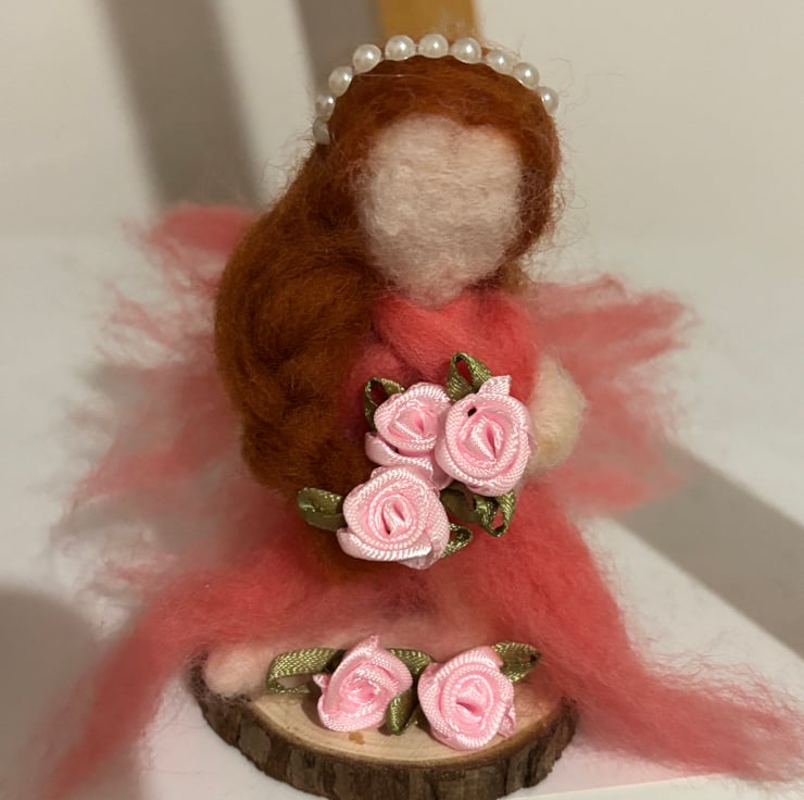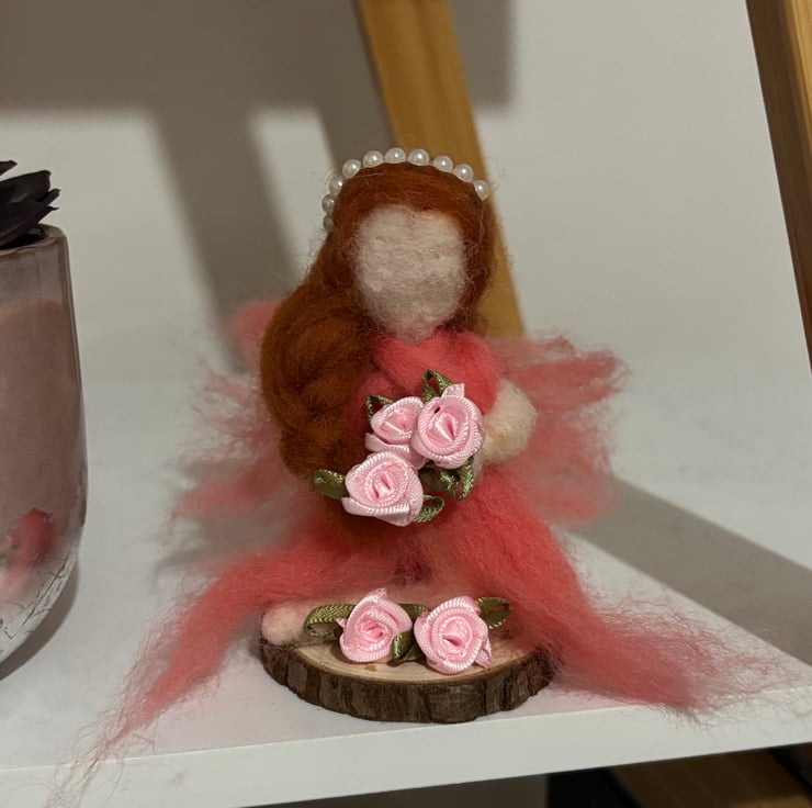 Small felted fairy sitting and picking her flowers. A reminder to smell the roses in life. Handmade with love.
==
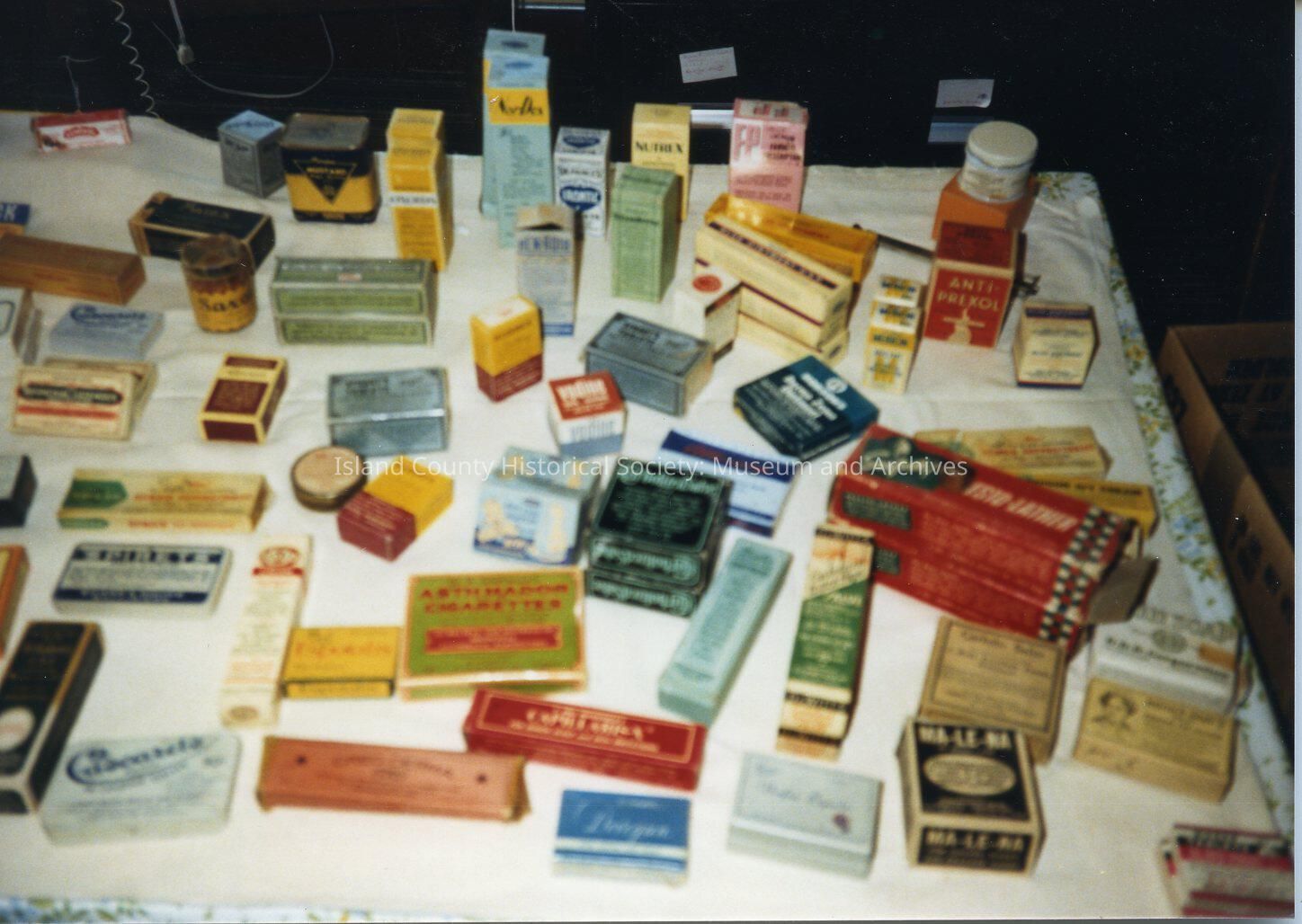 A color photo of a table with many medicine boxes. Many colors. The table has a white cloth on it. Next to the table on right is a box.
...
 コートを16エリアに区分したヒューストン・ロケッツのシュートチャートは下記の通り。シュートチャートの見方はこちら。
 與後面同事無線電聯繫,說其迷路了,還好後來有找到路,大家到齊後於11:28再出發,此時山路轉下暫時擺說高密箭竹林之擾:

• _Your instructions_
Your answer should consist only of the lines above between the line holding "コートを16エリアに区分した" and the line holding "與後面同事無線電聯繫,說其迷", inclusive, each transcribed exactly.

• _Answer to the exercise_
 コートを16エリアに区分したヒューストン・ロケッツのシュートチャートは下記の通り。シュートチャートの見方はこちら。
 與後面同事無線電聯繫,說其迷路了,還好後來有找到路,大家到齊後於11:28再出發,此時山路轉下暫時擺說高密箭竹林之擾:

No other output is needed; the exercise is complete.